DIRECTIONS →
Up to and including the line that holds "Rounded toe, cross-band, suede slippers", print the data exactly from its first line; do not print the pictures.

*** Block opens ***

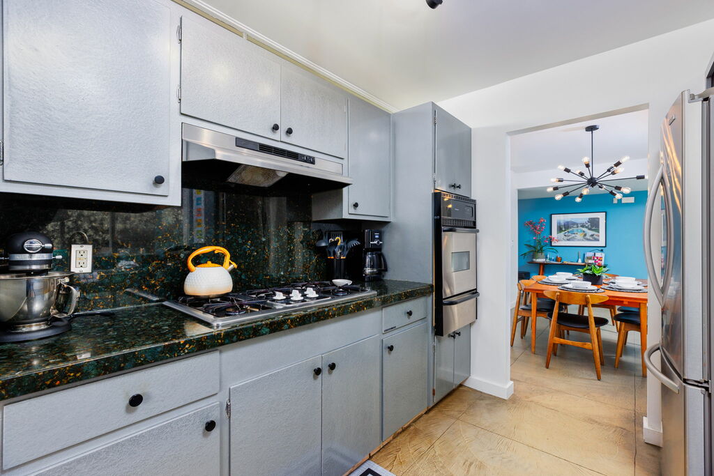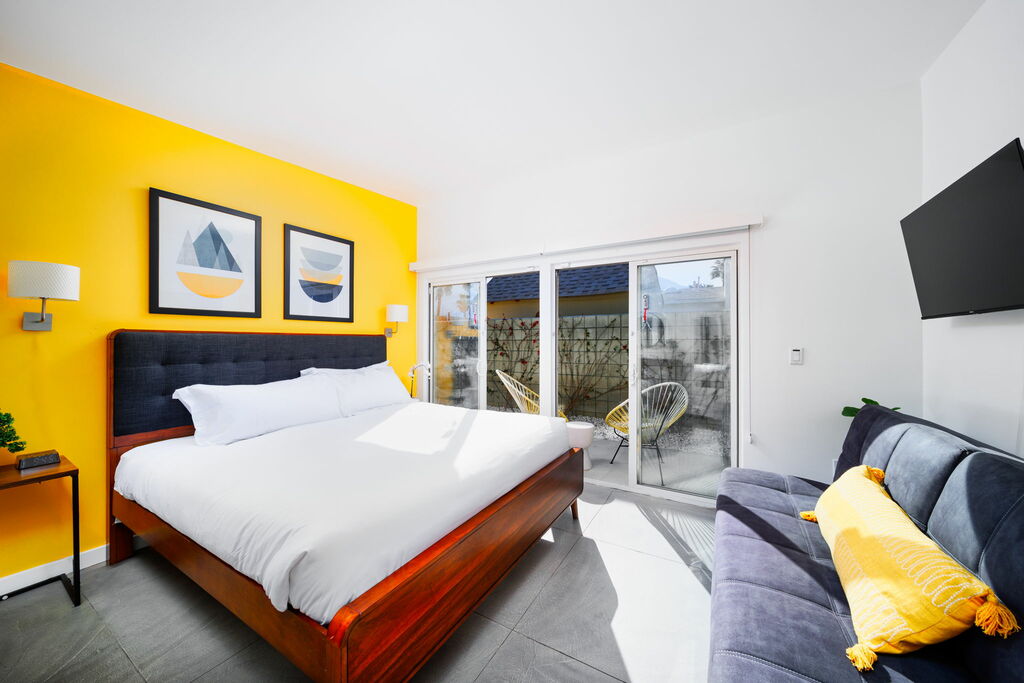 Each bedroom features a king-sized bed with TV and an exit to outdoor seating space, and the living area features a work space and a well-stocked, galley-style kitchen and bar area -- featuring stainless steel appliances and generous cabinet space.
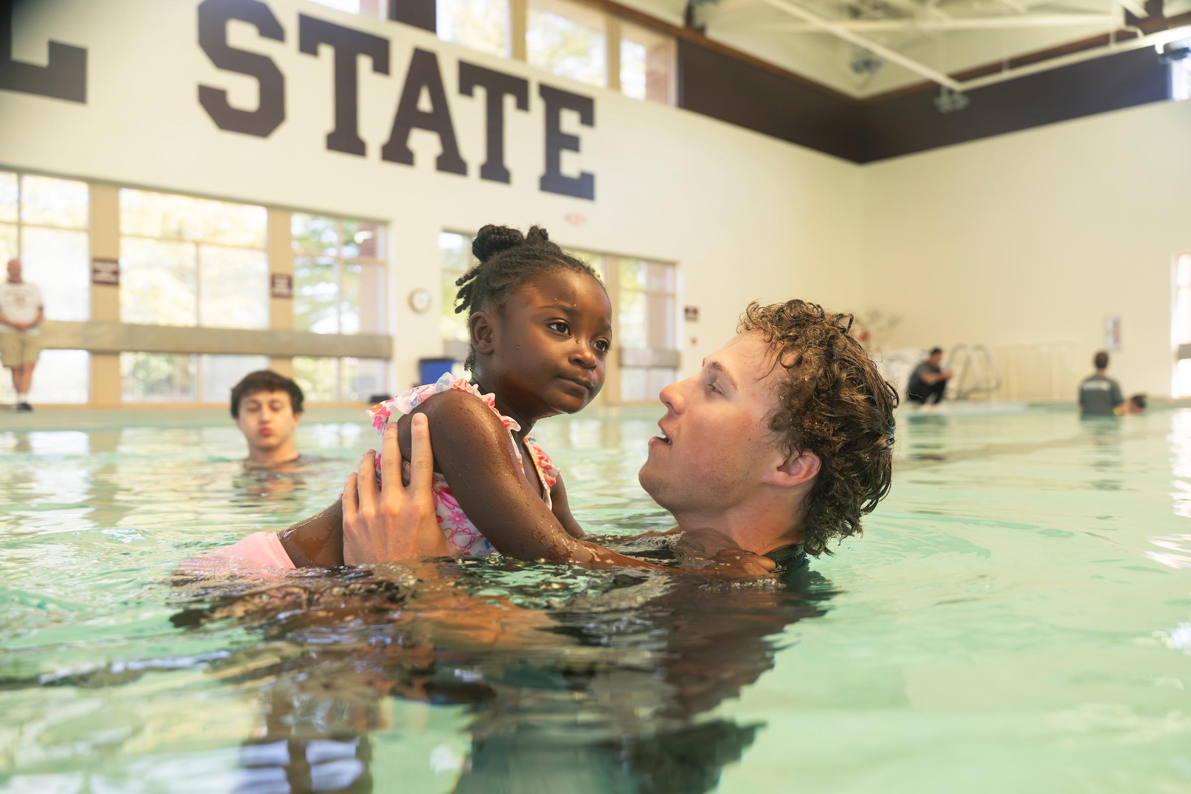 The Department of Kinesiology's MSU Adapted Swim Camp teaches swimming and water safety to children and adults with special needs. The camp is held in MSU's Sanderson Center with Dr. Gregg Twietmeyer serving as the camp director. Instruction is led by Certified Adapted Swim instructors.
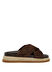 Rounded toe, cross-band, suede slippers
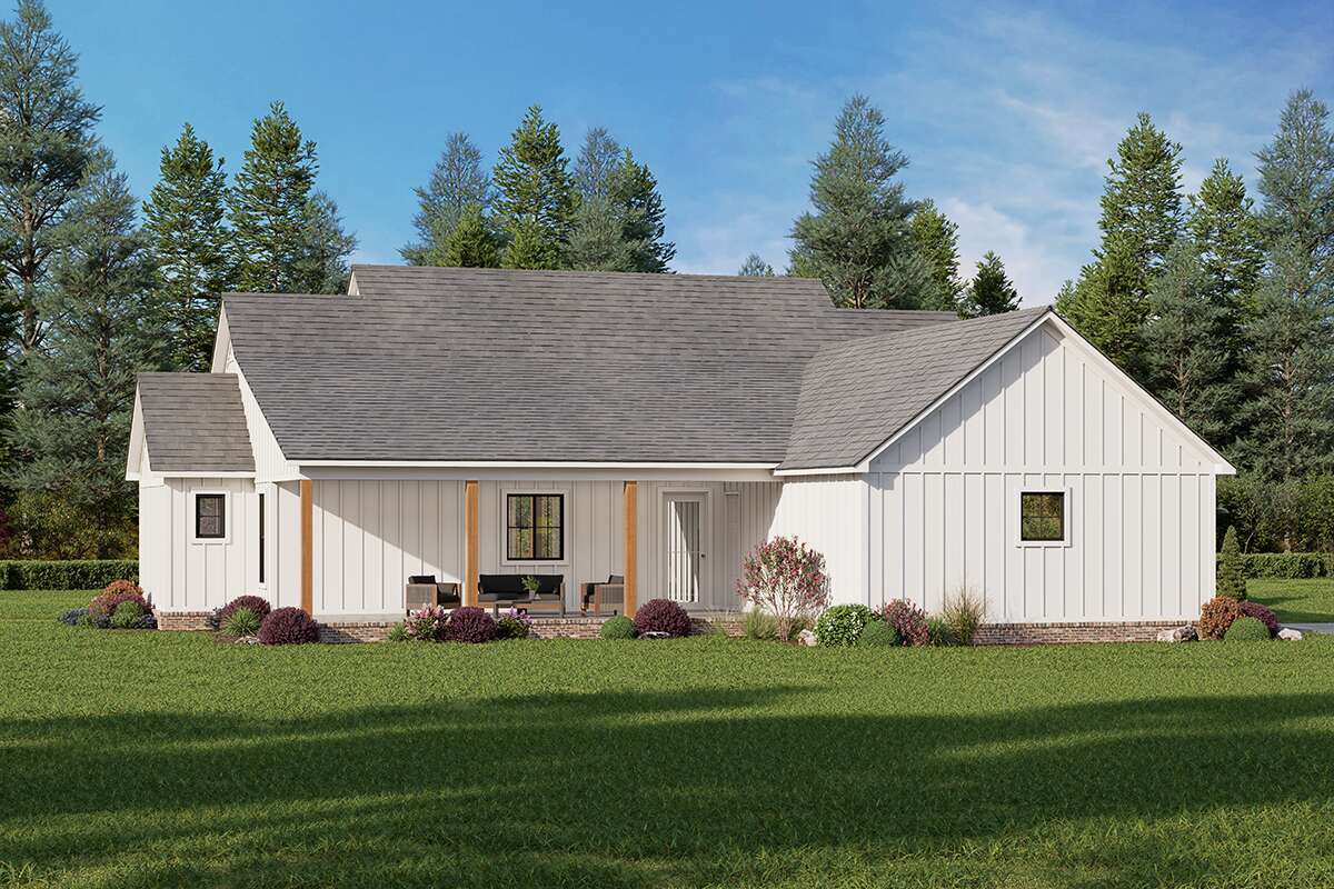 This modern farmhouse plan blends classic appeal with smart functionality. Its open central area creates a welcoming ambiance, while the split-bedroom layout and generous porch spaces cater to both privacy and outdoor living. From family dinners to relaxed weekends on the porch, this home suits modern lifestyles without sacrificing timeless charm.
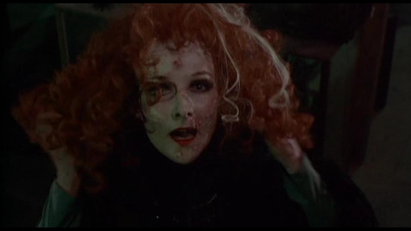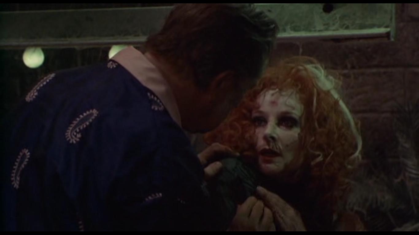 Okay, so this is where the movie’s age starts to rear it’s ugly head. After what happened to Ellen, the ex-girlfriend (Faye) married Herbert but their relationship was unhappy. Because of this, Faye started to sleep with other men. A couple of them ended up beating the shit out of her, setting her car on fire (with her in it), and rolling the flaming tomb over a god damn cliff. She survived, BUT the movie implies that because she’s “no longer pretty” she slowly went mad and spends her time in the basement with her pet spiders. I don’t know. Sure, you could say that the traumatic nature of the incident itself is what caused her to go crazy, but the whole beauty thing keeps getting repeated over and over again. I’d also say that it’s REALLY fucked up that Herbert keeps her in the fucking basement, but he may turn out to be the bad guy in this, so I’ll hold my criticism of that for now.
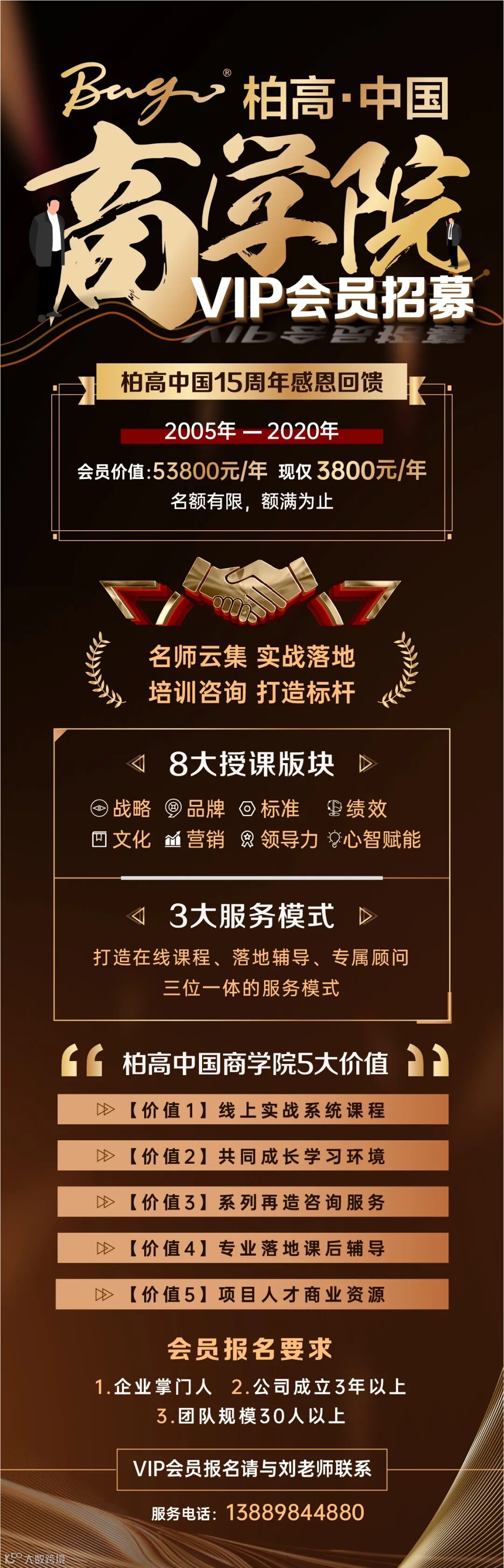 柏高中国商学院是由柏高中国管理咨询机构主导并成立的企业管理课程研发开设及商业资源整合的一体化平台,商学院坚持“创民族品牌、复兴中国梦”的使命,通过企业再造、品牌再造、标准再造”等系列再造线上课程、线下沙龙及辅导,以新视野、新思维、新格局的前瞻性发展战略,积极推动平台内成员企业成为行业龙头,完成由区域到全国、由全国到国际的跨越式发展!
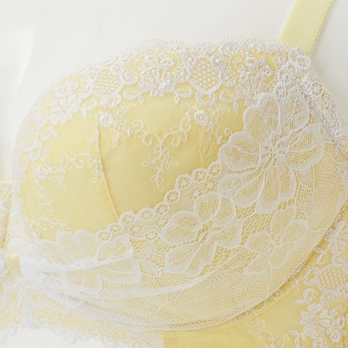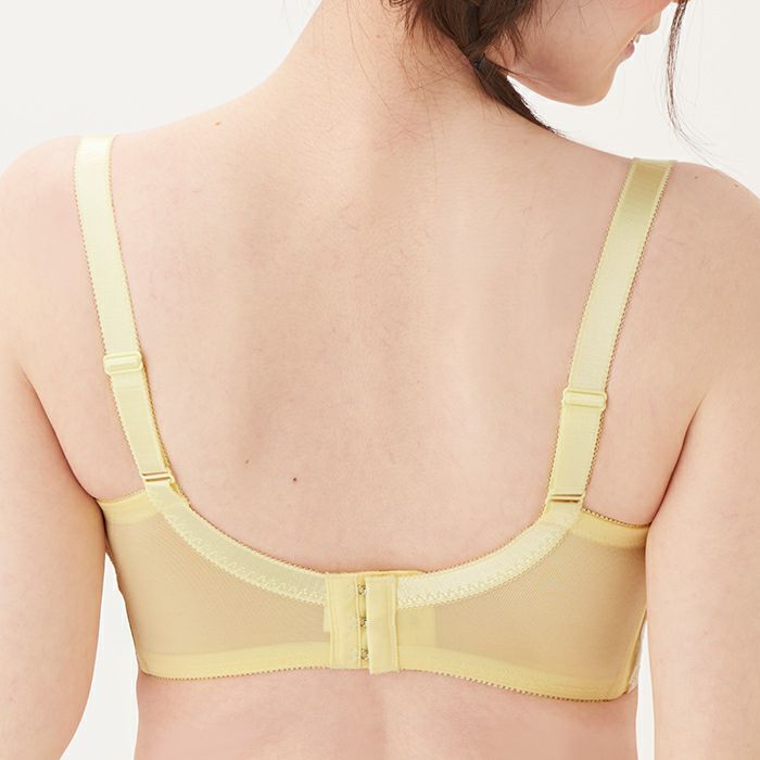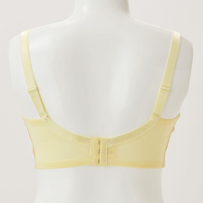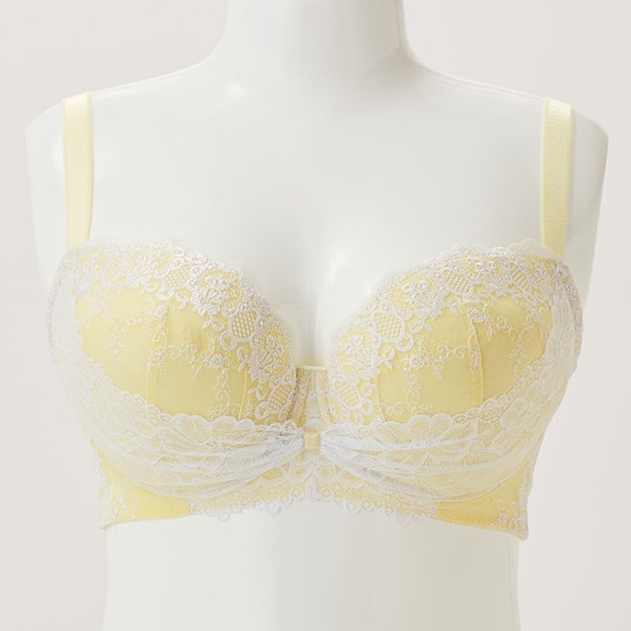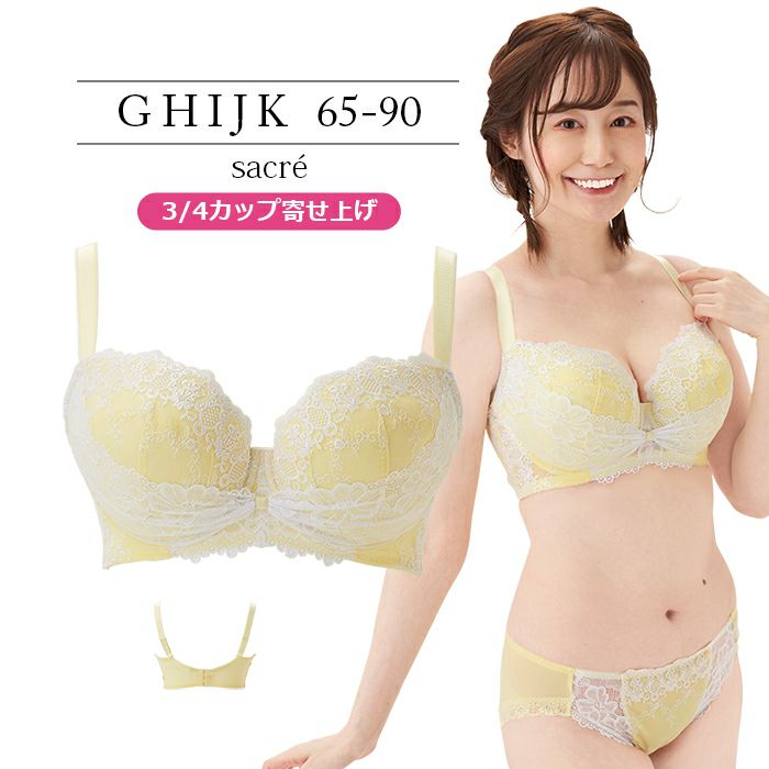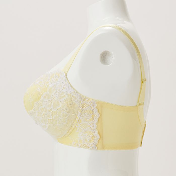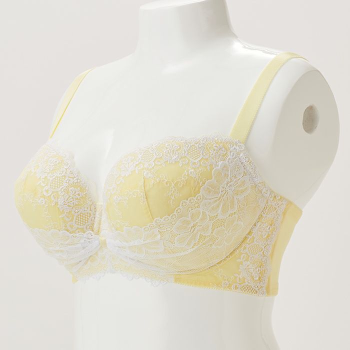 やわらかな色合いでやさしく包み込んで 大きいバストをしっかりと支え、バストを寄せて上げて脇もスッキリ、 サポート力の強い人気の「寄せ上げタイプ」のブラ。 脇肉をスッキリさせる脇高&背中の食い込みを軽減するバックUタイプ。 クリーム色とホワイトの組み合わせが清楚で、普段使いしやすいカラーのランジェリー。 カップと前身のサイドには可憐な印象の刺繍レースをあしらいました。 ホワイトのストレッチレースを前中心に重ね、リボンのようなギャザーデザインでカップを覆いキュートに仕上げました。 ※「お試しブラVer2.5N 3/4カップ寄せ上げ(SP-493)※2022年4月中旬発売予定 」と同じカップの型となります。
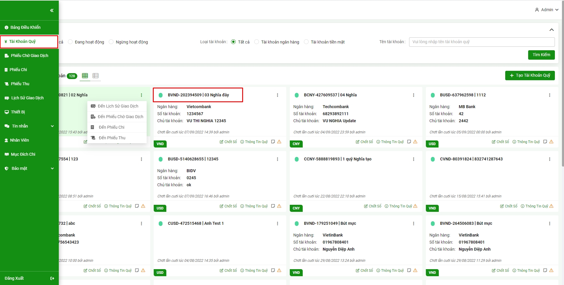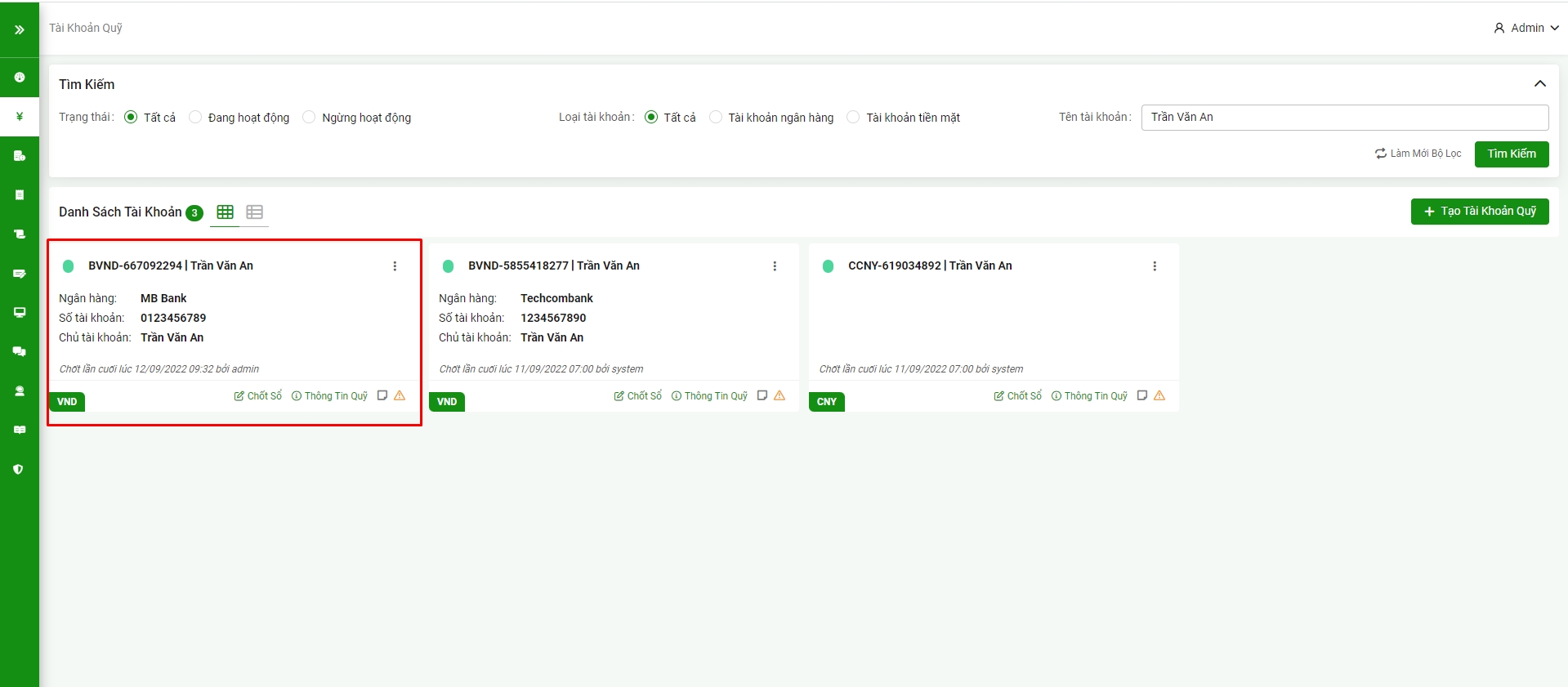 3. Tạo tài khoản quỹ

*** Block closes ***

RESPONSE BOX →
 Each bedroom features a king-sized bed with TV and an exit to outdoor seating space, and the living area features a work space and a well-stocked, galley-style kitchen and bar area -- featuring stainless steel appliances and generous cabinet space.
 The Department of Kinesiology's MSU Adapted Swim Camp teaches swimming and water safety to children and adults with special needs. The camp is held in MSU's Sanderson Center with Dr. Gregg Twietmeyer serving as the camp director. Instruction is led by Certified Adapted Swim instructors.
 Rounded toe, cross-band, suede slippers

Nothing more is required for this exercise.